SeaWorld Announces its 36,000th Animal Rescue

SeaWorld Announces its 36,000th Animal Rescue

For 55 years, SeaWorld has been a leader in the rescue and rehabilitation of marine and terrestrial animals, having now rescued more than 36,000 animals since the first SeaWorld Park opened in 1964.

More important than the number 36,000 is SeaWorld’s commitment to protect and rescue animals in need. SeaWorld’s work supports a network of dedicated rescue experts, animal care specialists and veterinarians who work tirelessly to give ill, injured, orphaned or abandoned animals a second chance at life.

“SeaWorld’s work rescuing and rehabilitating wild animals is of the highest calibre and the reason why the rescue team has been a long-standing and valuable partner,” said Donna Wieting Director of NOAA Fisheries' Office of Protected Resources. “We also value SeaWorld’s mission to educate the public about marine wildlife conservation and the role they play in protecting animal habitats.”

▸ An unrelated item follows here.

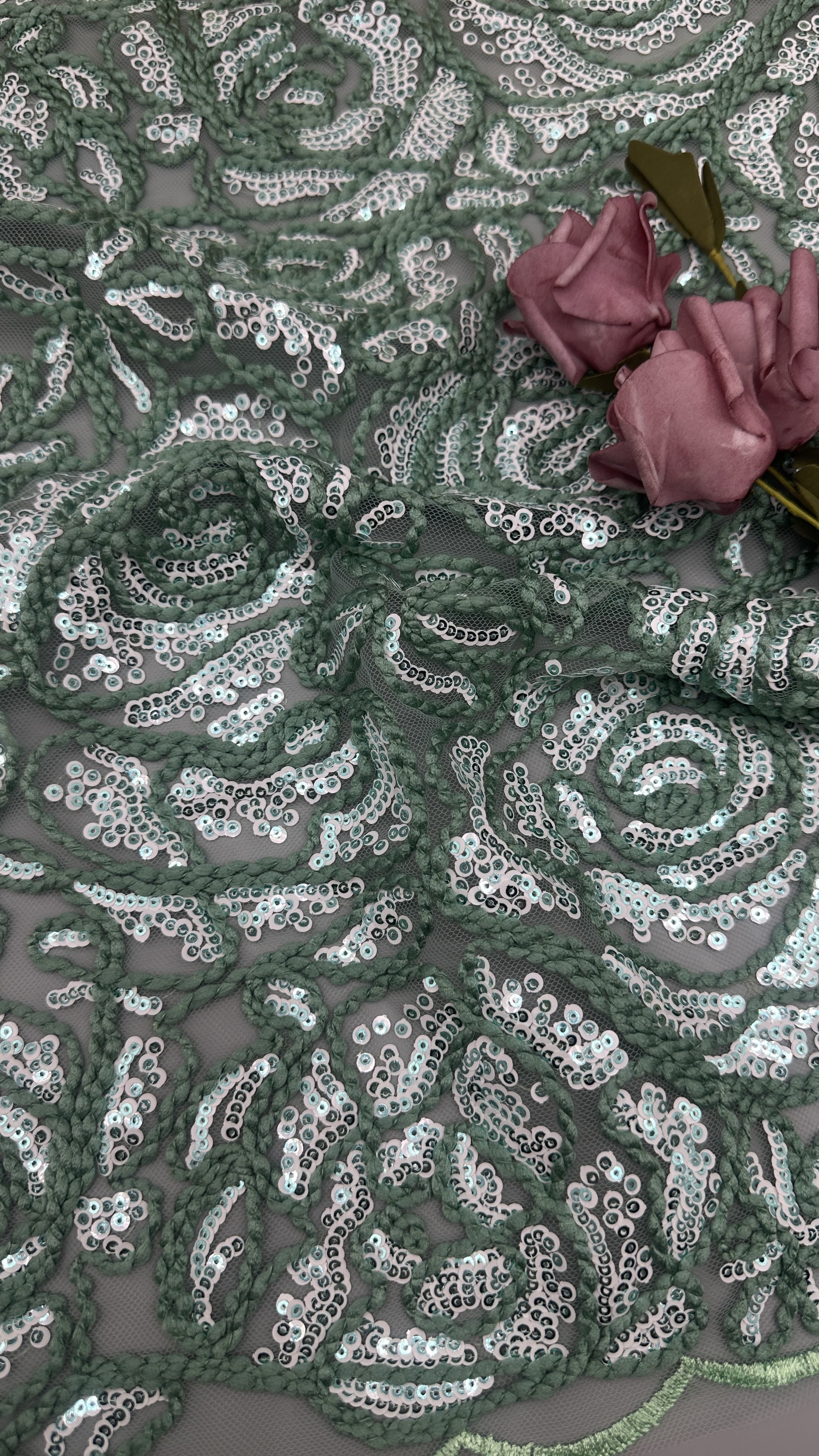 | Resaltar: | sequin embroidered lace fabric,3D floral design fabric,customized fabric for gowns |

One animal recently cared for by SeaWorld is Bingley, a male manatee. Bingley was rescued by the Florida Fish and Wildlife Conservation Commission (FWC) earlier this year and transported to SeaWorld Orlando for rehabilitation due to pneumothorax, an injury to the animal’s lung often caused by a boat strike. SeaWorld’s team of animal care experts and world-renowned veterinarians spent five months providing specialized care to Bingley before the FWC determined he could be released off the coast of Florida.

“Our teams remain on the frontlines of marine mammal rescue because of our enduring commitment to supporting rescue, rehabilitation and return,” said Jon (JP) Peterson, Senior Leader of Zoological Operations at SeaWorld Orlando. “In a perfect world, animals would never need to be rescued, but until that changes, our teams will continue to work closely with our partners to help save these animals.”

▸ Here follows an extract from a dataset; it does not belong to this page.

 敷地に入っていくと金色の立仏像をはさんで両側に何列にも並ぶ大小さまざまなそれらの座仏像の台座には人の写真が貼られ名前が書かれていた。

Other stories include Cinder and Tyonek; a northern sea otter pup and endangered baby beluga whale who were both orphaned and later rescued by the team at Alaska SeaLife Center. Once stabilized, Cinder was brought to SeaWorld San Diego where she is receiving around the clock care and Tyonek has a new home at SeaWorld San Antonio where he’s growing quickly.

Guests can make a difference and support the efforts of the SeaWorld Recue team when they visit any of the three SeaWorld parks in Orlando, Florida; San Diego, California; and San Antonio, Texas. Every SeaWorld ticket purchase helps fund the organization’s wildlife rescue and rehabilitation operations, habitat protections, and ocean health initiatives. To raise awareness for the importance of animal rescue and care, all three SeaWorld parks will host events this weekend (16-17 November) to give guests the opportunity to interact with animal rescue and rehabilitation team members and learn more about how animals are cared for at SeaWorld.

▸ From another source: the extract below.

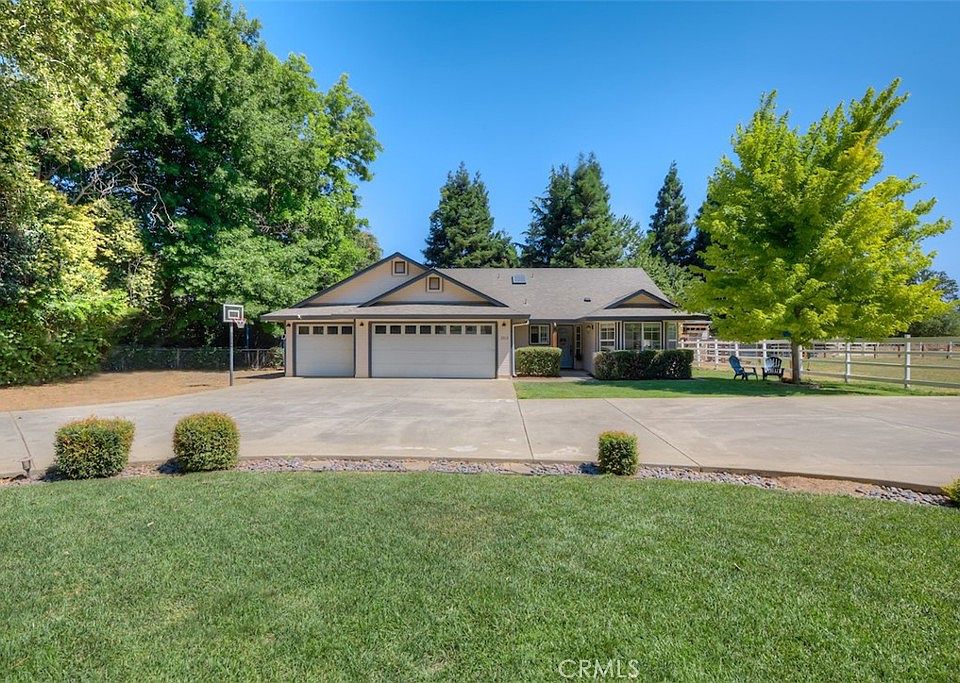 Prepare to fall in LOVE!! Nestled in a peaceful setting, this 3-bedroom + a bonus room, 2-bathroom home spans 1,520 square feet, a perfect blend of rural charm with modern farmhouse elegance. Situated on a generous 1.02-acre lot, this property features fully landscaped grounds, a new roof, RV parking, a circular driveway, and a fenced pasture—ideal for those seeking a serene lifestyle with modern amenities. Upon entry, you're welcomed by vaulted ceilings, luxury vinyl plank flooring, a charming dining area, and a beautiful fireplace. This home has been thoughtfully updated, showcasing a farm-style kitchen with butcher block countertops, a sleek subway tile backsplash, stainless steel appliances, a built-in microwave and a darling breakfast nook that combines functionality with stylish design. Each spacious bedroom offers ample closet space and modern finishes. The large master bedroom stands out with a stunning shiplap accent wall, a tastefully updated ensuite with an oversized closet, double sink vanity and abundant natural light. Outside, the property boasts mature landscaping and trees providing privacy and a picturesque backdrop. The fenced pasture offers plenty of space for pets, hobbies, FFA projects, homesteaders and room for the kids to play. Additional features include a darling chicken coop, 3 fruit trees ( 1 orange & 2 variety of cherries ) garden bench/beds, a pergola, public water and a well with a storage shed . This property truly has it all! Located off the Midway but close enough to downtown Durham, Almendra Winery for date night and Durham Park. Don’t miss out on this Durham gem!!

In additional to its animal rescue work, SeaWorld leads a broad conservation effort that makes significant contributions to marine animal research, education, and habitat protection. To date, SeaWorld and its Conservation Fund have supported more than 1,200 animal conservation projects on all seven continents, including coral reef restoration, preventing coastal erosion, habitat protection and keeping our oceans clean. And inside its parks, SeaWorld lives its conservation values in a number of ways, including the elimination of single-use plastic straws and coffee stirrers, plastic shopping bags and use of 100 percent recyclable dinnerware.